Meskipun fenomena terjadinya
kejahatan sangat rumit, akan tetapi ada hal yang sangat penting yang perlu kita
simak dari beberapa hal di atas. Bahwa kejahatan seyogyanya selalu dicegah
keberadaanya, jangan sampai keberadaanya justru dikarenakan kebijakan yang
salah arah, tentunya dalam hal ini adalah kebijakan pemerintah.

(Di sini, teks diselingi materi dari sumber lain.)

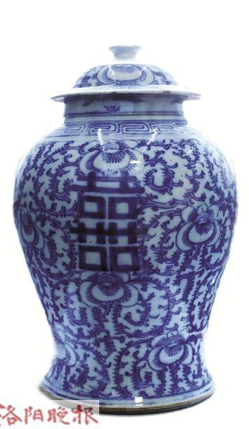 洛阳树威古瓷鉴藏博物馆馆长陈树威说,青花喜字将军罐上绘缠枝莲纹和“回”字纹,表达了人们对美好生活的向往:“喜”字配缠枝莲纹,寓意喜事不断;“回”字纹在罐子肩部字字相连,寓意富贵不断头。

Terkadang kejahatan agak membias
ketika disandingkan degan sikap otoritarianisme pemerintah. Seolah tak ada
aturan atau undang-undang yang dapat dikritik, bahwa suara eksekutif adalah
suara langit yang tentu benar, dan kejahatan itu hanyalah sebab dari sikap
rakyat sendiri tanpa campur tangang pemerintah (kejahatan produk
undang-undang). Pada ujungnya kejahatan yang dilakukan oleh negara akan segera
menjelma menjadi “Perfect Crime”,
disebabkan hukum dan sistem hukum menjadi bagian dari kejahatan itu sendiri.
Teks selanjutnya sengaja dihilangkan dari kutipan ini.